The same Taliban that banned Afghans from television - and movies, and music, from dancing, we don't even talk - now summon cameras from all over the world to make them believe that they are other people, that they should not be afraid of them, that they do not go to retaliate against anyone.
The same Taliban who shot Malala and threw acid at girls in schools say today that they will respect women's rights "within Islamic law," a disturbing statement for those who only believe the law that they make is sacred.
A spokesman for those Taliban who locked women in homes and burqas between 1996 and 2001, Mawlawi Abdulhaq Hemad, appeared on the set of the Afghan channel TOLOnews on Tuesday.
Journalist Beheshta Arghand faced the delicate challenge of interviewing him.
She did it open-faced, with her hair peeking out under the veil and a couple of meters, either for decorum or for covid protocol.
"It still amazes me that people are scared with the Taliban," said the representative of the group that organized mass executions in squares and stadiums as the only authorized spectacle.

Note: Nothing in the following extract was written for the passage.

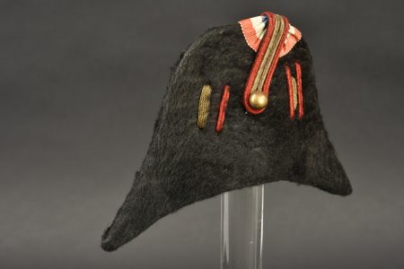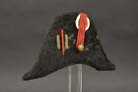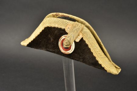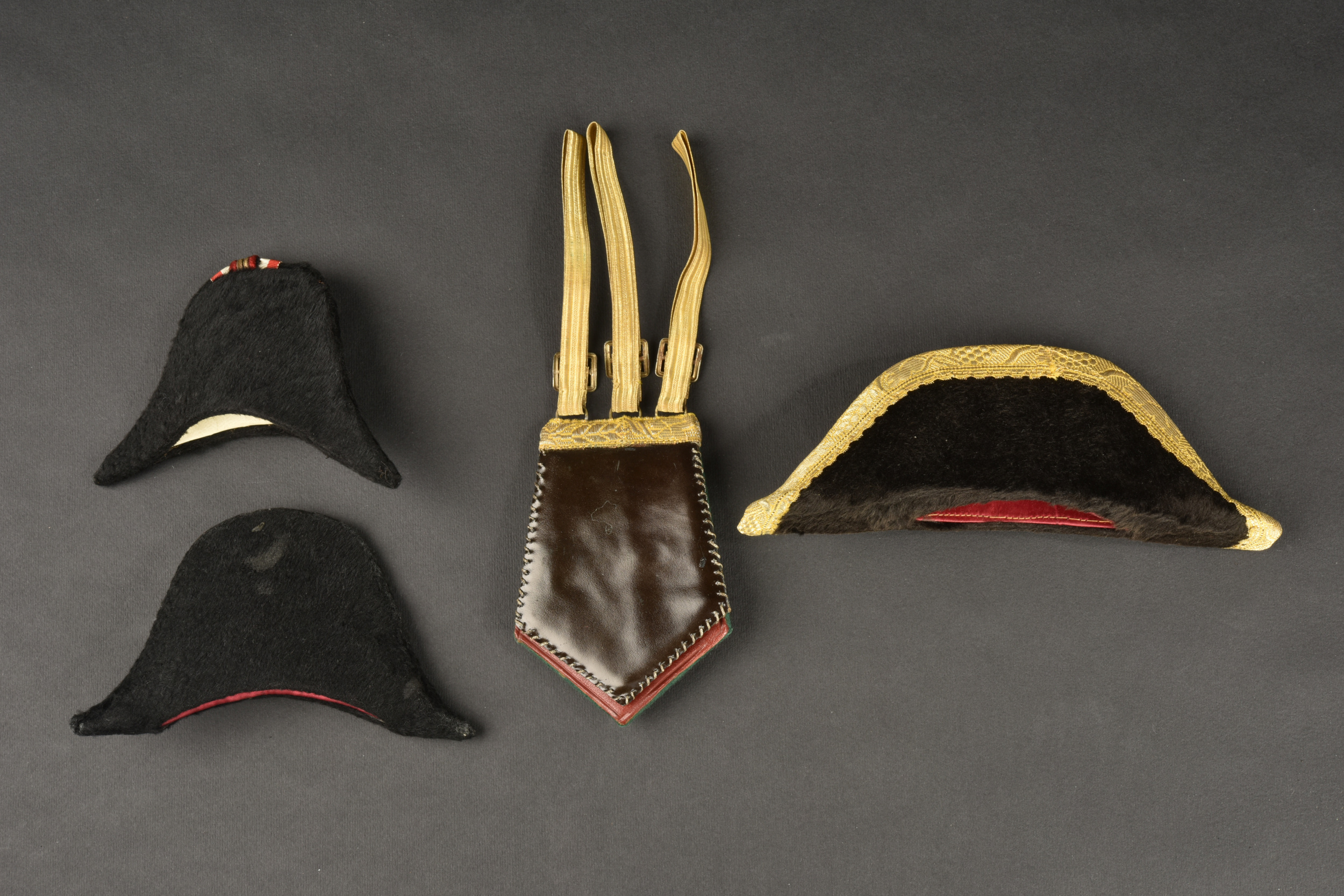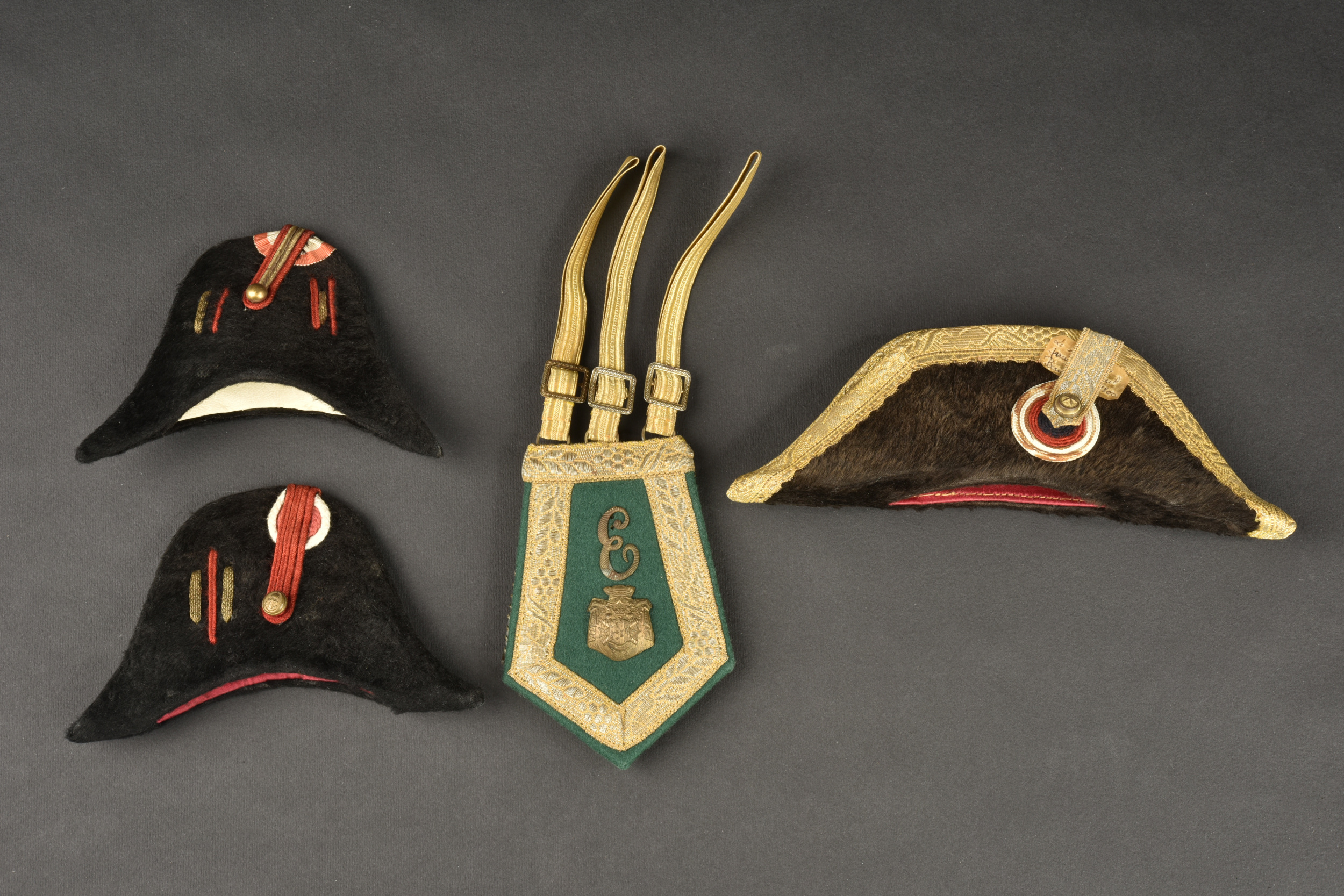 Détails de la vente >Ensemble de miniatures de bicornes et sabretache. 3 miniatures de bicornes et une miniature de sabretache avec monogramme E et armoiries. Jolis objets de vitrine. Bon état.
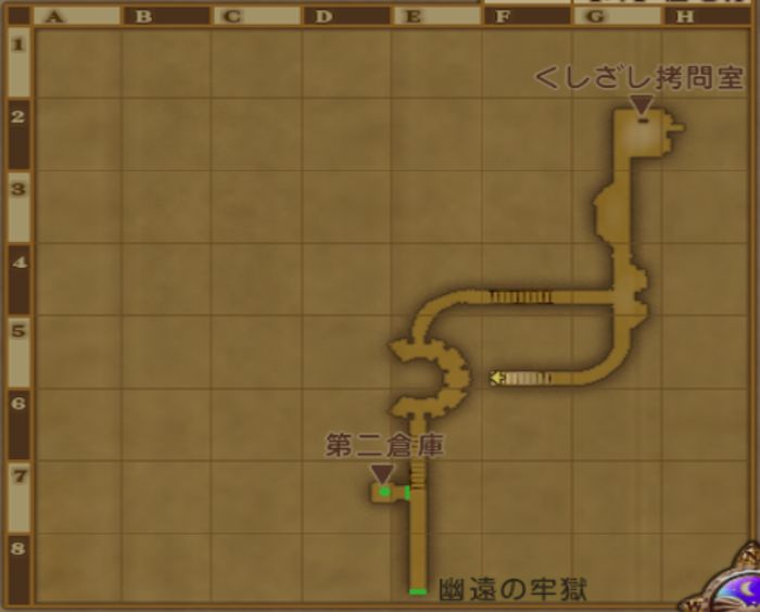 大神殿・地下 全体MAP > ナドラガンド > 炎の領界 > 聖都エジャルナ > ナドラガ教団大神殿 大神殿・地下_1階 黒宝箱(A4):黄の錬金石 x3 黒宝箱(E1):スライダークカード 【生息モンスター】 LV 67 HP 1283 亡者のひとだま エレメント系 出現 1匹 EXP 535(特訓-) ドロ 氷の樹木青い宝石 LV 91 HP 3089 やみのしょくだい 物質系 出現 1匹 EXP 1386(特訓2) ドロ つけもの石ナイトメアリーフ 大神殿・地下_2階 【生息モンスター】 LV 67 HP 1283 亡者のひとだま エレメント系 出現 1匹 EXP 535(特訓-) ドロ 氷の樹木青い宝石 LV 91 HP 3089 やみのしょくだい 物質系 出現 1匹 EXP 1386(特訓2) ドロ つけもの石ナイトメアリーフ LV 91 HP 3011 ロードコープス ゾンビ系 出現 1匹 EXP 1567(特訓2) ドロ よごれたほうたいよるのとばり

Beheshta Arghand and Mawlawi Abdulhaq, in the interview broadcast on Tuesday on TOLOnews channel.
The TOLO network, founded in 2004, claims to be the first in Afghanistan with female presenters. Its founder, Saad Mohseni, an Afghan-Australian living in Dubai, tries to move on, but not as usual. It has removed singers and dancers from programming, but keeps soap operas, which may also upset fans.
The Taliban, who until yesterday attacked journalists, say that they will not shut down private media as long as they do not act against the national interest, that is, theirs.
Thomas L. Friedman writes in
The New York Times
that bearded men cannot behave today as before 2001 because the population that did not know their yoke - the average age is 18 years - lives attached to the smartphone and the networks, which are windows to the world.
Hopefully he's right and the screens tame the barbarians.
Or serve for resistance.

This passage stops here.